Returns the value of a system environment variable, if it exists.


fn:environment-variable($name as xs:string) as xs:string?


This function is deterministic, context-dependent, and focus-independent. It depends on environment variables.


The set of available environment variables is a set of (name, value) pairs forming part of the dynamic context, in which the name is unique within the set of pairs. The name and value are arbitrary strings.

If the $name argument matches the name of one of these pairs, the function returns the corresponding value.

If there is no environment variable with a matching name, the function returns the empty sequence.

The collation used for matching names is implementation-defined, but must be the same as the collation used to ensure that the names of all environment variables are unique.

The function is deterministic, which means that if it is called several times within the same execution scope, with the same arguments, it must return the same result.


On many platforms, the term "environment variable" has a natural meaning in terms of facilities provided by the operating system. This interpretation of the concept does not exclude other interpretations, such as a mapping to a set of configuration parameters in a database system.

Environment variable names are usually case sensitive. Names are usually of the form (letter|_) (letter|_|digit)*, but this varies by platform.

On some platforms, there may sometimes be multiple environment variables with the same name; in this case, it is implementation-dependent as to which is returned; see for example [POSIX.1-2008] (Chapter 8, Environment Variables). Implementations may use prefixes or other naming conventions to disambiguate the names.

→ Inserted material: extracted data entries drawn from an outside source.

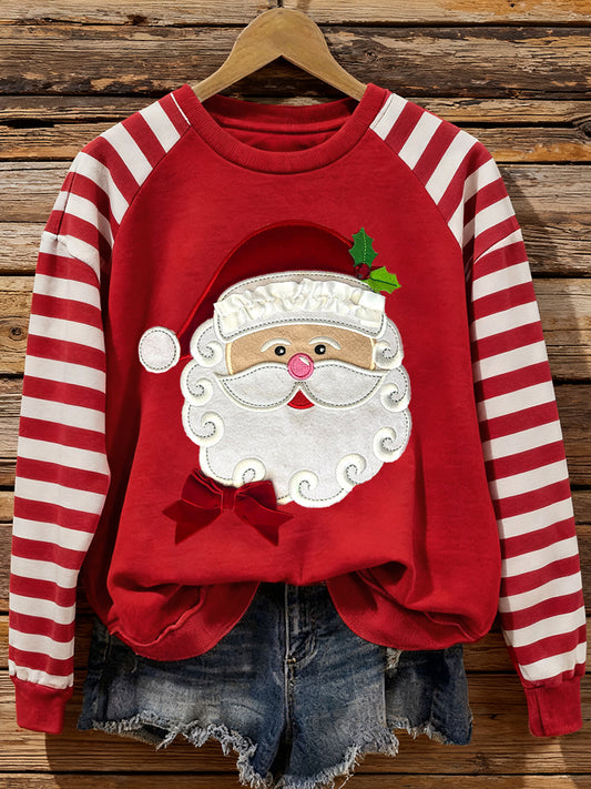 Women's Retro Santa Claus Print Sweatshirt - Red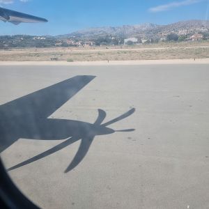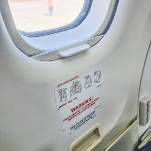 I have seat 1a on the little prop plane. I do my duty and make sure that both of my bags are in the overhead locker. The flight attendant asks me if I am English and then goes on to tell me that if anything should happen during the flight it is my responsibility to open the emergency exit next to me. She tells me to read the instructions on the door. Gosh I didn’t know that having a front seat came with such responsibility!
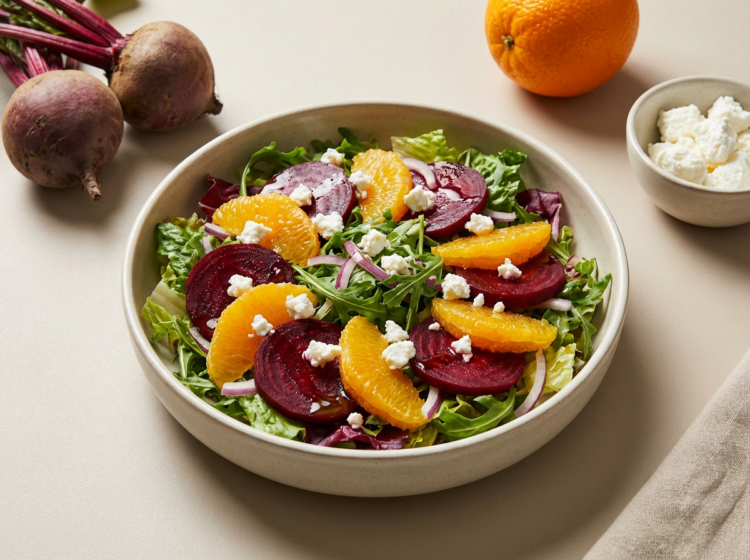 Citrus- och rödbetssallad med getost och apelsin. Perfekt som tillbehör till buffé eller middag – färgstark, enkel och full av smak. Citrus- och rödbetssallad med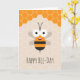 Die Nice Happy Birthday Card bietet eine Cartoon-Illustration von lustigen niedlichen Lächeln Biene auf dem Wabenhintergrund. Der Text im unteren Teil der Karte kann mit den Online-Tools von Zazzle leicht personalisiert werden.
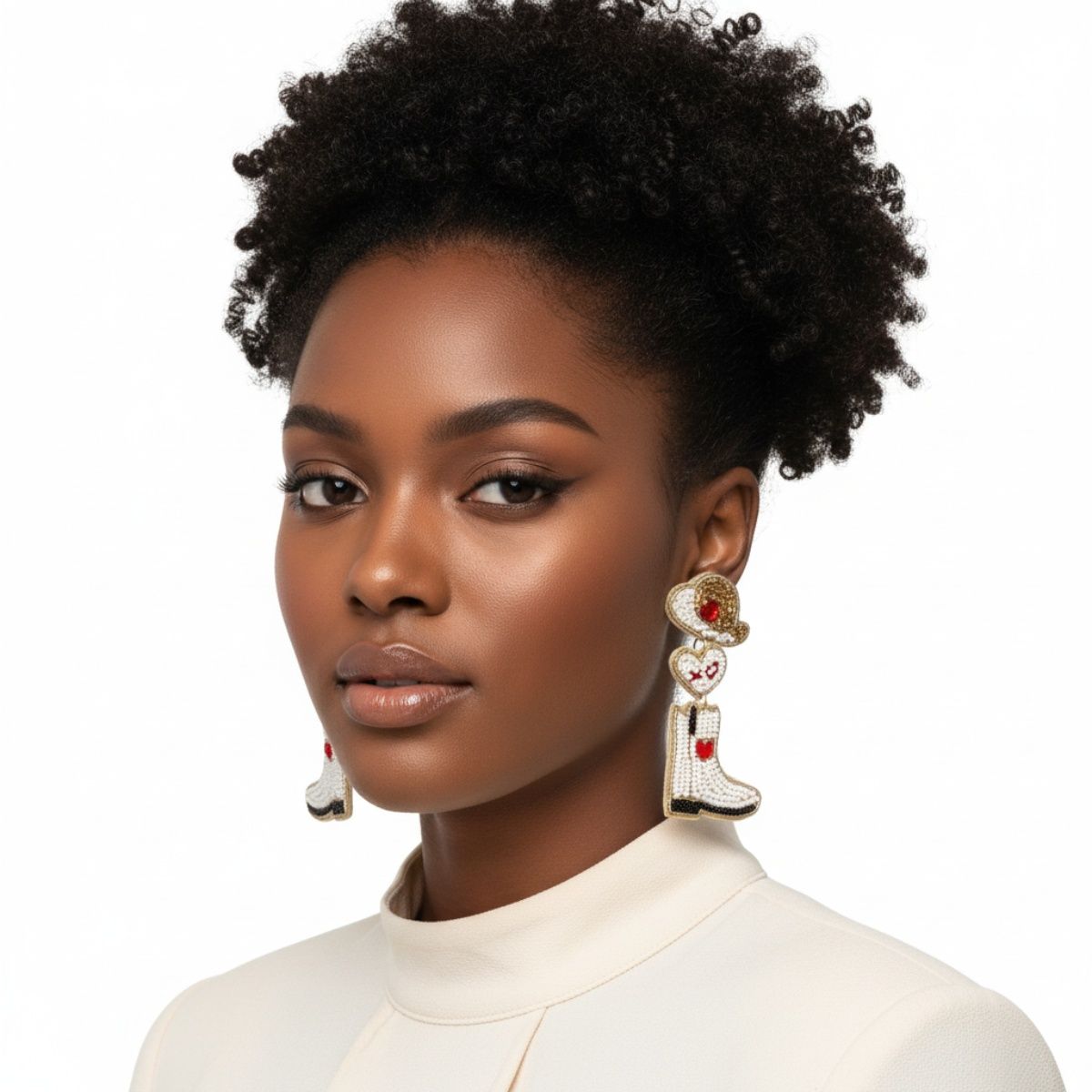 Women's Dangle Earrings. Western Wear Cowboy Hat, XO Heart, and Cowboy Boot Dangle Earrings Featuring White and Red Embroidered Bead Detail, Gold Trim, and Red Rhinestone Heart. Post Backing.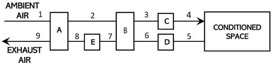 The air coming from the air-conditioned space is directed to the exhaust, where it undergoes several psychrometric processes starting with cooling in an evaporative cooler (5→6). This brings the air close to the saturation line with humidification. In the energy-recovery wheel, the air is preheated (6→7) before it passes through the heater (7→8), where its temperature is further raised so that it will be able to desorb the water from the desiccant on the regeneration side of the desiccant wheel (8→9). The regeneration heat source (E) can be either a solar thermal system or waste heat.
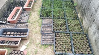 島らっきょう ポットに植え付けた島らっきょうの苗 その後

The requirement to ensure that the function is deterministic means in practice that the implementation must make a snapshot of the environment variables at some time during execution, and return values obtained from this snapshot, rather than using live values that are subject to change at any time.

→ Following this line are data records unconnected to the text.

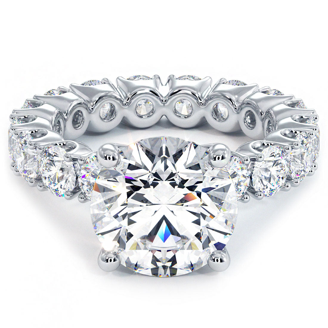 6.88 Carat H-VS2 Round Diamond Engagement Eternity Ring 14k White Gold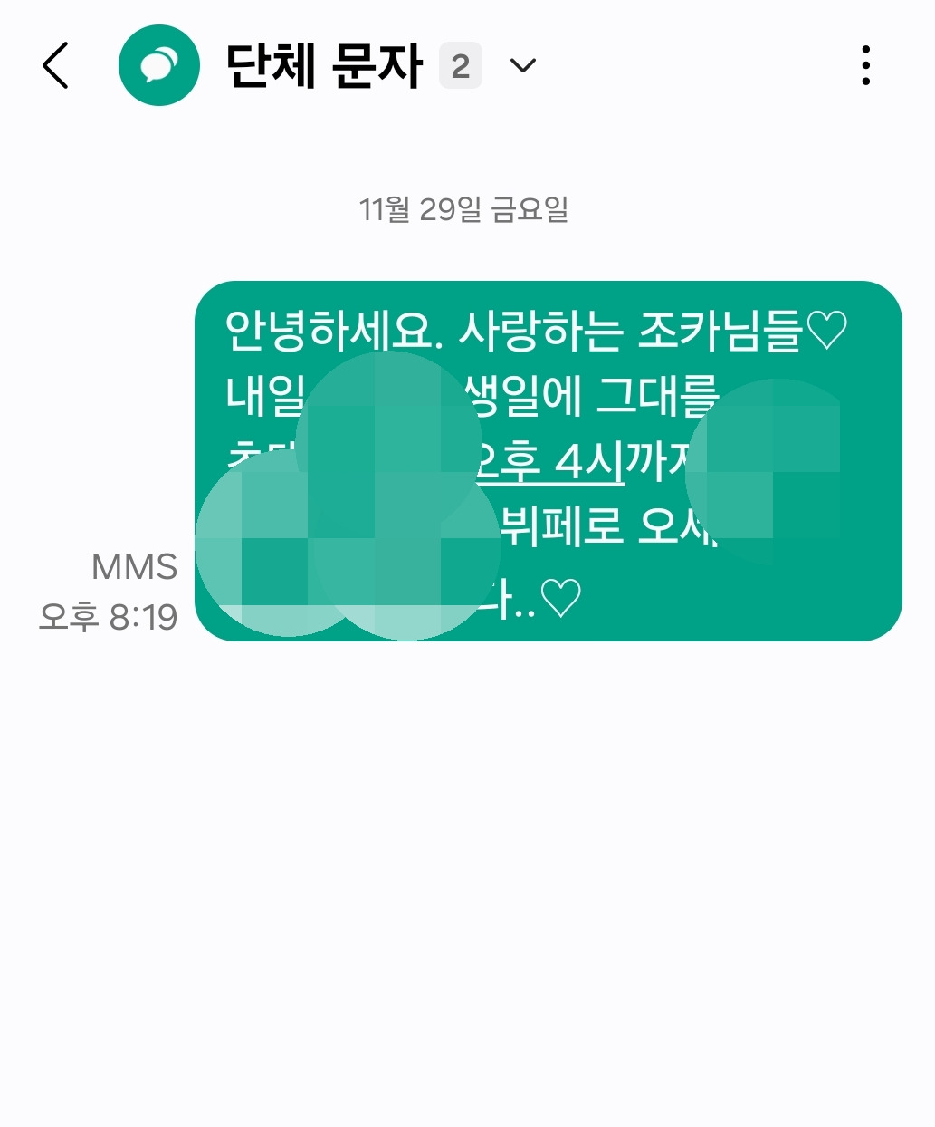 십몇 년 전 일이다. 청소년 친구들의 끊임없는 축하, 동네 친구들과 학교 친구들, 그리고 직장 동료들. 심지어 어디엔가 던지고 다닌 연락처 때문에 치과나 은행, 센터 등에서도 온종일 축하를 보내던 날이 있었다. 쏟아지는 축하 인사로 내내 답장을 보내느라 분주했던 지난날이 떠오른다.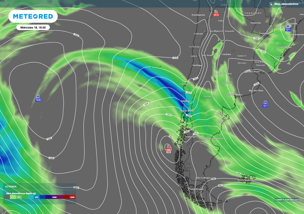 Datos de los modelos de pronóstico, usados por Meteored, indican que el próximo sistema frontal que avanzará por Chile se encontrará en su camino con un nuevo río atmosférico, que incrementará sus lluvias tanto en sectores del sur como del centro sur.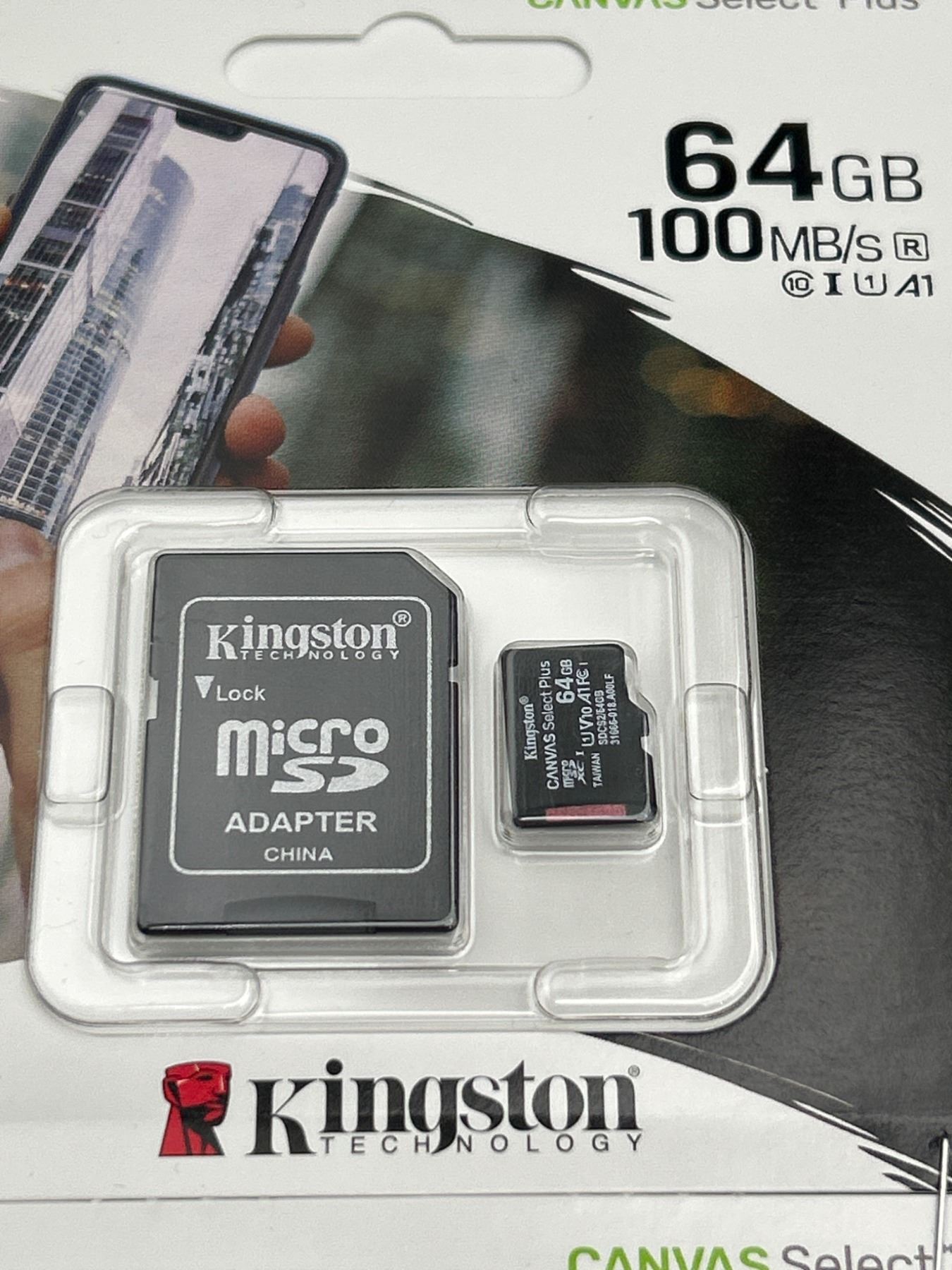 Kingston Canvas Select Plus MicroSD Card 64GB with Adapter – LOT OF 2

Operating system environment variables may be associated with a particular process, while queries and stylesheets may execute across multiple processes (or multiple machines). In such circumstances implementations may choose to provide access to the environment variables associated with the process in which the query or stylesheet processing was initiated.

Security advice: Queries from untrusted sources should not be permitted unrestricted access to environment variables. For example, the name of the account under which the query is running may be useful information to a would-be intruder. An implementation may therefore choose to restrict access to the environment, or may provide a facility to make fn:environment-variable always return the empty sequence.